“Why buy the cow, when you can get the milk for free?” We’ve all heard this saying before. Especially as it relates to cohabitation or in the words of my mother “shacking!” While some still chide moving in with a man before you’re married, many encourage moving in together before tying the knot.
Reasons to cohabit can range from financial reasons (the ability to save money), living proximity (where one partner relocates to avoid a long distance relationship), getting to know the person better (you truly know someone when you live with them), having children (the need for the family to be under one roof), and plenty of other reasons. One of the main reasons usually tend to be about finances, and in an unstable economy many couples rely on one another to make ends meet.
In some cases cohabitation is a temporary phase leading up to marriage— but there’s no guarantee of marriage, which is why some believe it’s best to move in together after the wedding takes place. The fact is marriage isn’t for everyone. Given the low marriage rate in the black community it’s safe to say many cohabiting are simply living in a roommate situation with their mate. Here’s where the “free milk” factor comes into play. In a tough economy ½ on bills sounds good…but at what cost? The cost of giving a man domain over the household without a commitment, the cost of playing house- cooking, cleaning, etc. without a long-term commitment. Let’s face it, many sista’s can/have/are and will do it all on their own. This isn’t an ode to the independent “I can do it all on my own” women, this is simply to say if you can do it all on your own— why risk giving the milk for free?

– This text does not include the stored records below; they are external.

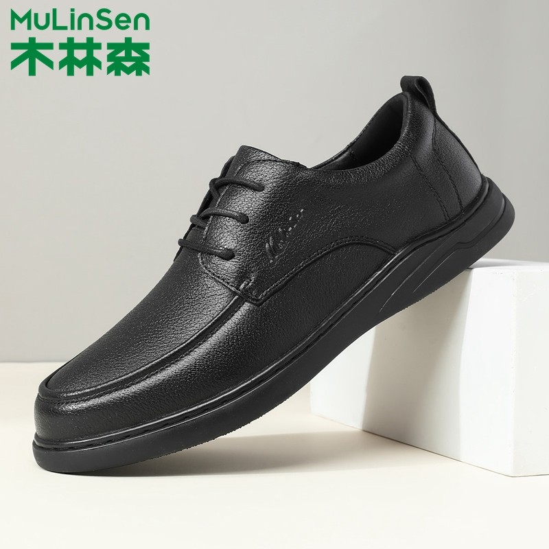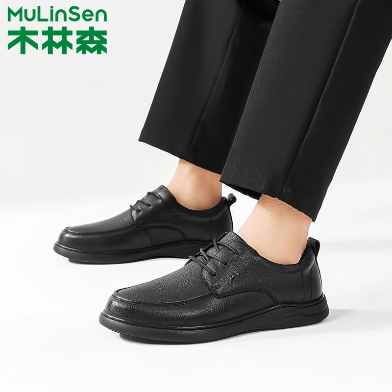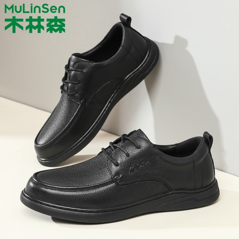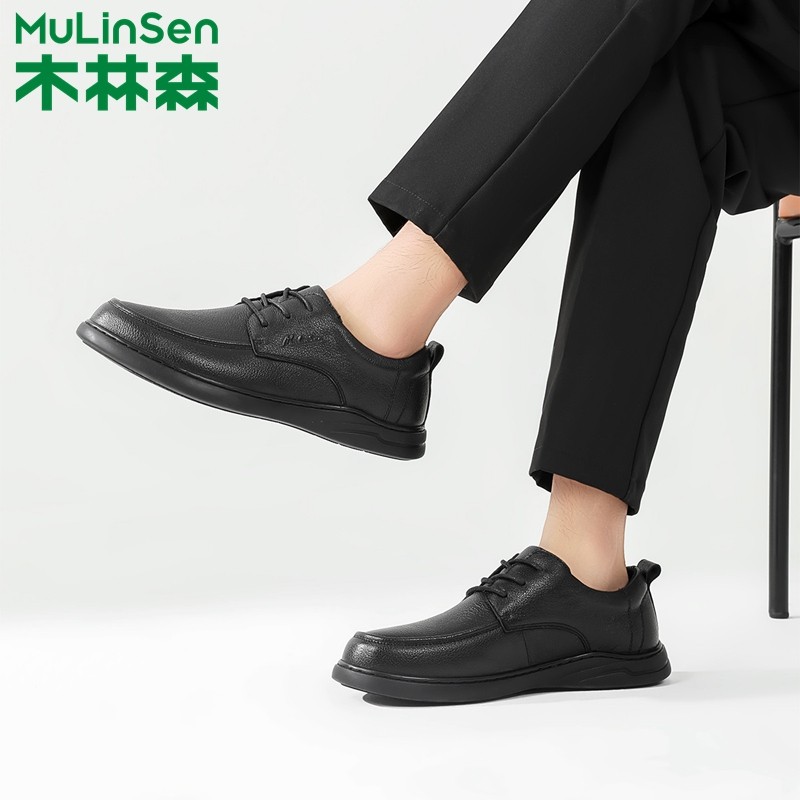 木林森男鞋2025秋季新款通勤商务休闲皮鞋男士舒适羊皮系带爸爸鞋
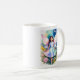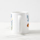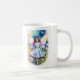 Uma caneca com duas jovens com asas de fada. Um está sentado sobre um cogumelo e o outro está em pé em um jardim vibrante cheio de flores coloridas e borboletas.
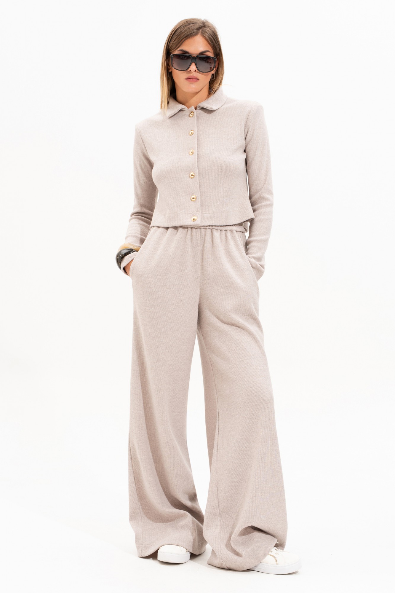 Брюки широкие с поясом на резинке. Изделие выполнено из мягкого трикотажного полотна, которое сочетает в себе благородный внешний вид и приятную текстуру.
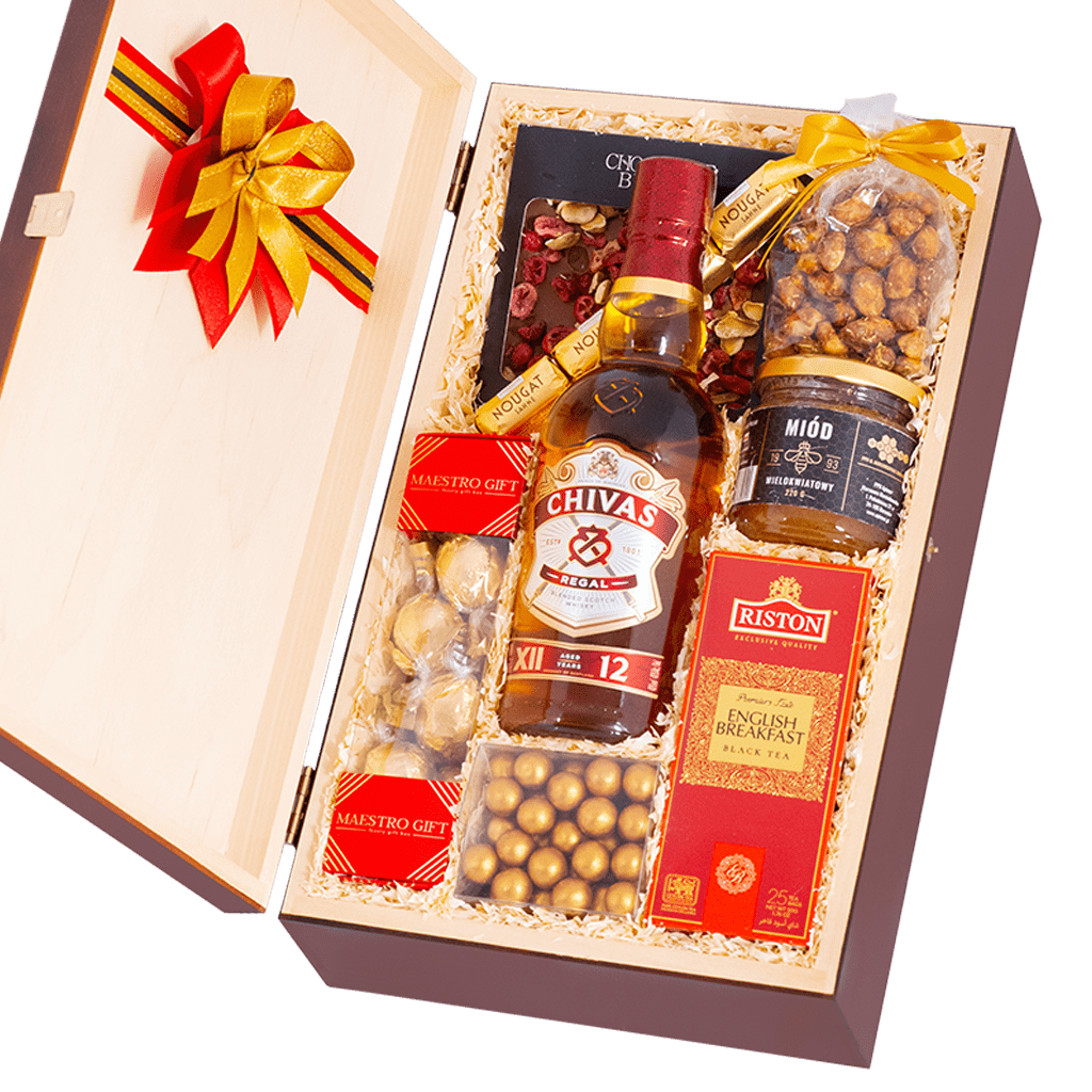 Zestaw Madison to elegancki zestaw prezentowy premium,łączący klasyczny smak ze słodkimi i aromatycznymi dodatkami. W jego skład wchodzi herbata English Breakfast, miód wielokwiatowy, praliny, czekolady oraz orzechy w karmelu, które tworzą harmonijną kompozycję. To doskonały prezent dla konesera dobrego smaku, idealny na każdą wyjątkową okazję.

In comes, “Smart Cow.” A smart cow realizes a man is in the plans… but a man is not the plan. Big difference. Cooking, cleaning, and going ½ on the bills- sure it’s a win win or lose lose situation for both female and male if it does or doesn’t work out. But a smart cow knows ain’t shit free. Especially in an imperfect world where the majority of black children don’t have the foundation of a traditional family structure. Perhaps it’s time we dispel the notion of cohabiting before marriage (for those that plan/want to be married). More power to those that are successfully cohabiting— if it means the father, mother, and children are all under one roof. Any other reason would be detrimental to strengthening the traditional family structure in the black community.